The hardest part of the installation was finding the darn thing. If anyone that has the 26rks ever needs to find the water pump, you have to lift the bed, and the door for the under bed storage. When you do this, the access door for the pump is on the left. The actual door is the carpeted part of what I guess one would say is part of the night stand.

Again, thank you to all of you,

Happy trails.

Dan


----------



## Dan L (Jan 24, 2008)

Hey John,

Burlingame was great. We spent the week there during April vacation while DW was at a convention in Las Vegas. The place has certainly changed If you have not been able to get there in the past 30 years. Most roads have been paved, they have added cabins and the bath houses are fairly new.

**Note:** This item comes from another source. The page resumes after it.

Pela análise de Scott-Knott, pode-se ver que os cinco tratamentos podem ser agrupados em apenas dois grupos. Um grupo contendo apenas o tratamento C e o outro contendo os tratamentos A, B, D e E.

We camped right on the water. This is nice so we didn't have to lug our kayaks around. The fish were biting and the weather was awesome. For the most part,the water was like glass. The only drawback is that it is dry camping.

I'll be looking for your big rig. Warwick is only so big.

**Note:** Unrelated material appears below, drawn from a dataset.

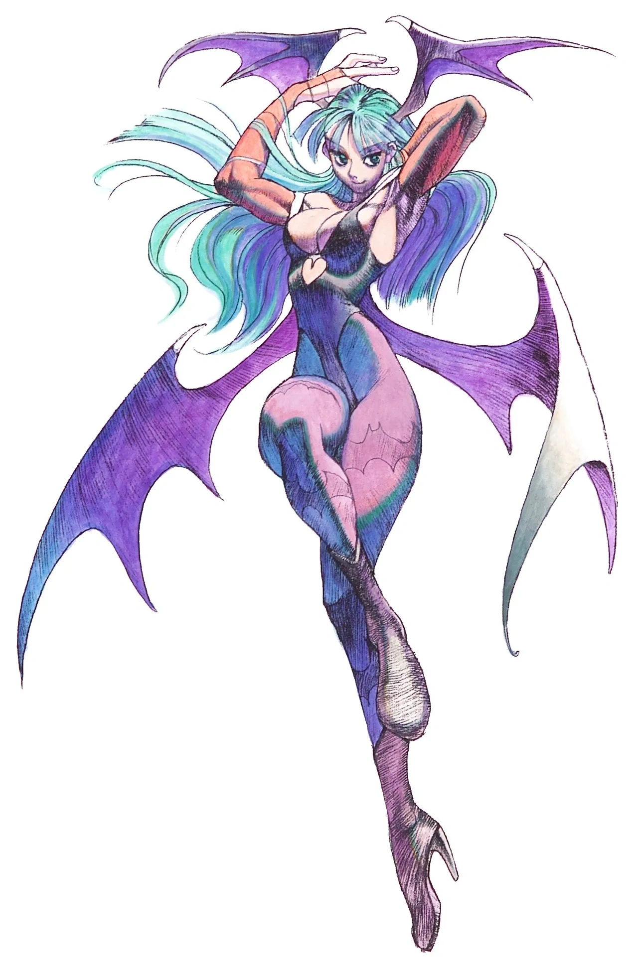 Morrigan appears as a beautiful woman with straight long, emerald green hair, and bat-like wings on her back and the sides of her head. Her hair is a hime cut which was a sign often used in Japanese media to indicate a woman was rich or of high status. The outside of her wings are black and the inside of her wings are either purple or hot pink mixed with purple. For her outfit, it consists of a sleeveless black leotard with feathers at the trim that mostly reveals her cleavage with a heart-shaped cutout under the chest, purple or magenta/hot pink tights with bat patterns, light rose-colored gloves that cover the middle finger, and black calf-length heeled boots.

Thanks again for the help,

Dan


----------



## Oregon_Camper (Sep 13, 2004)

Dan L said:


> Thank you everyone that has helped me in my pursuit of water pressure.
> 
> I tried all of your ideas, but still ended up dry. I went out and purchased a new pump and crossed my fingers. I HAVE WATER PRESSURE!
> The hardest part of the installation was finding the darn thing. If anyone that has the 26rks ever needs to find the water pump, you have to lift the bed, and the door for the under bed storage. When you do this, the access door for the pump is on the left. The actual door is the carpeted part of what I guess one would say is part of the night stand.

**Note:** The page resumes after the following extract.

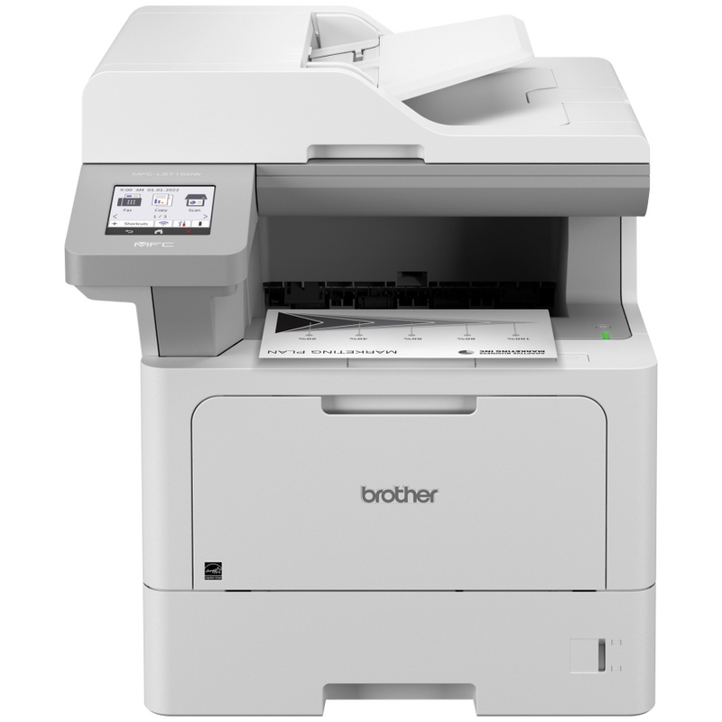 The Brother MFC-L5715DW business monochrome laser all-in-one printer is a great choice for busy offices and small workgroups that need low-cost printing, versatile paper handling, advanced security features, and reliable, high-quality output. It helps increase productivity with fast print and copy speeds up to 48 ppm1 and delivers built-in value with an included super high-yield toner cartridge and low-cost printing by using the TN920UXXL Brother Genuine ultra high-yield replacement toner cartridges. A large, expandable paper capacity comes in handy as your business needs grow. Flexible connectivity with built-in Gigabit Ethernet and dual band wireless networking, plus convenient printing from mobile devices2 streamline your operations while Triple Layer Security features help limit document and device access and protect against network intrusions. 1 Approximate toner cartridge yield in accordance with ISO/IEC 19752 (letter/A4). 2 Additional download required. Compatibility may vary by device or operating system. Wireless connection may be required.

Sorry to hear you had to replace the pump, but glad to hear you got it done and now everthing is working again.


----------



## johnp (Mar 15, 2004)

Dan L said:


> Hey John,
> 
> Burlingame was great. We spent the week there during April vacation while DW was at a convention in Las Vegas. The place has certainly changed If you have not been able to get there in the past 30 years. Most roads have been paved, they have added cabins and the bath houses are fairly new.
> 
> ...


I will have to try them out sometime.

John


----------



## CamperAndy (Aug 26, 2004)

I would love to see that pump to see what could have broken. It must just have a piece of dirt in one of the check valves.


----------